"Backlash" is one of those words with an iffy reputation, connoting an angry or even unreasoned reaction to a benign or just plain immutable reality. Like a tantrum, a backlash is widely regarded as an emotional spasm that inevitably subsides, leaving the supposedly benign or just plain immutable reality to unfold unmolested. Meanwhile, backlash is cluck-clucked as unenlightened (Backlash to Feminism), mean-spirited (Angry White Men Backlash), xenophobic (Dubai Ports Backlash) -- or, in the case of the burgeoning reaction against the illegal-alien amnesty movement, all of the above.
But by whom? Backlash opponents. More often than not, "backlash" is the word mainstream liberals use to describe the sound the silent majority makes when it finally gets around to piping up. The family unit is shattered: That's progress. Somebody says, "Uh, maybe it was better when it wasn't shattered": That's backlash. The nation's borders are breached by millions of illegal aliens, who not only provide an immorally cheap labor force, but also more than 29 percent of prisoners in Federal Bureau of Prisons facilities: That's progress.
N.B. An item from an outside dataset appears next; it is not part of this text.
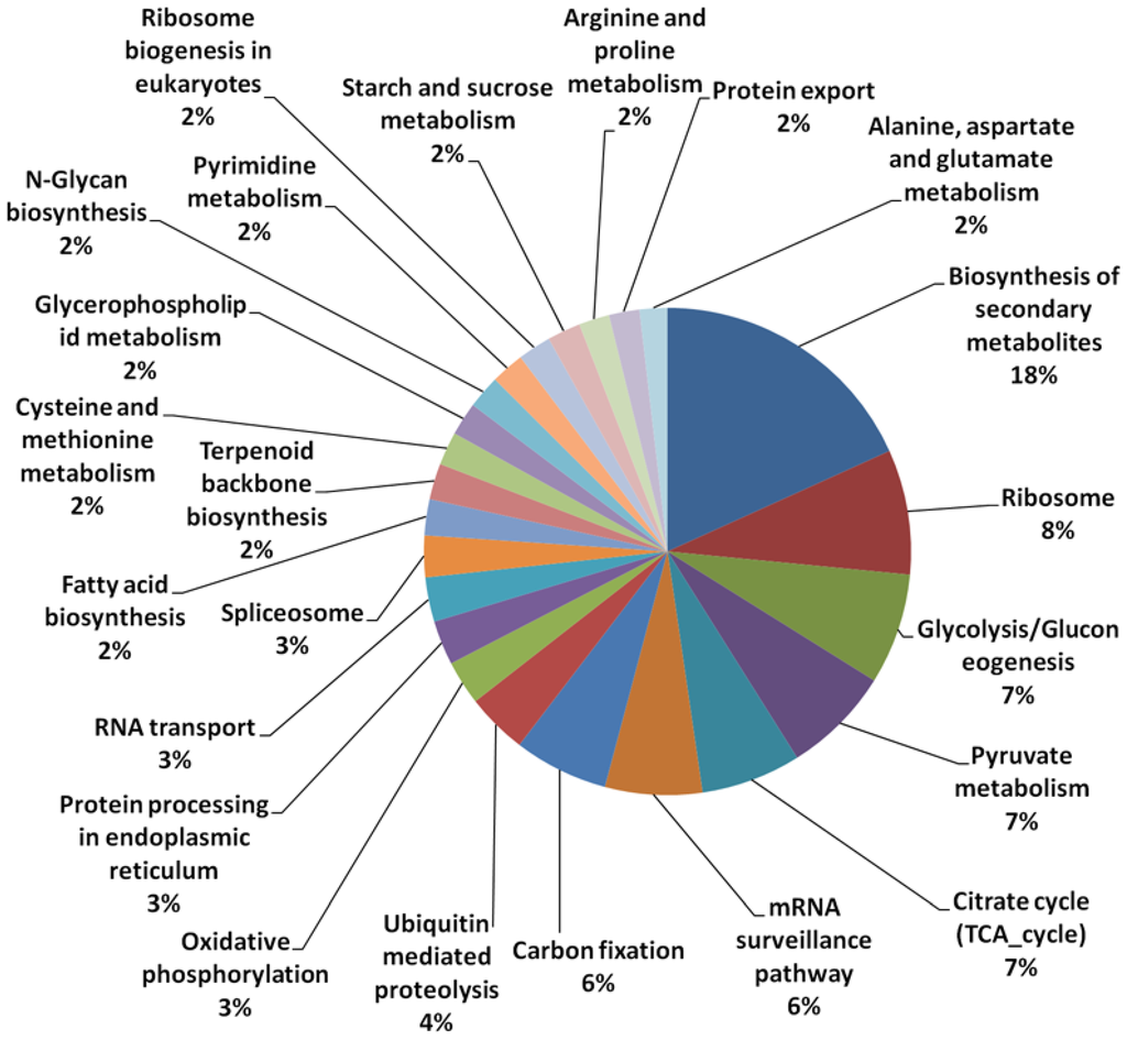 A total of 31,804 unique contigs (assembled from approximately 3 million sequenced reads from mesocarp tissue), each denoted with an individual identifier, were used for microarray probe design. From the 31,804 contigs used, 49.3% of the transcripts were annotated based on homology to those in the Uniprot database (Table 1). A total of 8.1% of the transcripts utilized also had acceptable Kyoto Encyclopedia of Genes and Genomes (KEGG) ID matches. However, when further classified based on their putative functions in different pathways, only 1.9% could be classified uniquely into defined pathways using the KEGG database. Similar figures were observed in transcriptome sequencing of microalgae, as an example, in which only about 3.9% of the annotated sequences had GO matches and 1.7% were assigned Enzyme Commission (EC) numbers [38]. The results show the incompleteness of oil palm annotation if based solely on the KEGG database. Using the KEGG classifications however, we observed that the largest group (of 18% of the KEGG classified transcripts) were putatively involved in secondary metabolite biosynthesis (Figure 1) followed by those involved in ribosome biology (8%) glycolysis, pyruvate and citrate cycles (7% in each of the three categories). Only 2% of classified transcripts were annotated as being involved in fatty acid (FA) biosynthesis, starch and sucrose metabolism, for each class. In this custom array, unique un-annotated transcripts (>50% of the contigs, data not shown) were also included to provide better coverage of the expressed genes found in oil palm mesocarp tissue.

Somebody yells, "Hey, put up a fence": That's backlash. The following headline in The Washington Post, summing up reaction to May Day amnesty demonstrations, crystallizes this cracked-prism vision. "After Protests, Backlash Grows: Opponents of Illegal Immigration Are Increasingly Vocal."
Who, the Post seems to wonder, do these increasingly vocal "opponents" think they are -- illegal aliens?
Of course, such "opponents" not only became "increasingly vocal" this week, some of them actually went to the polls. In Herndon, Va., voters elected what the cultural mainstream would probably dub the nation's first Backlash Legislature -- a new city council and mayor who oppose Herndon's "day-laborer center," that law-flouting tax-payer-funded facility that opened last year to match up illegal alien workers with employers of illegal aliens. The Herndon vote seems highly significant: With one exception, no incumbent was re-elected who didn't oppose the center -- and all new council members, including the new mayor, oppose the center. According to the Post report, last year's 5-2 majority in favor of the facility now becomes a probable 6-1 majority against. Not surprisingly, the online edition of The Washington Post headlined the election story "Immigrant Backlash in Herndon."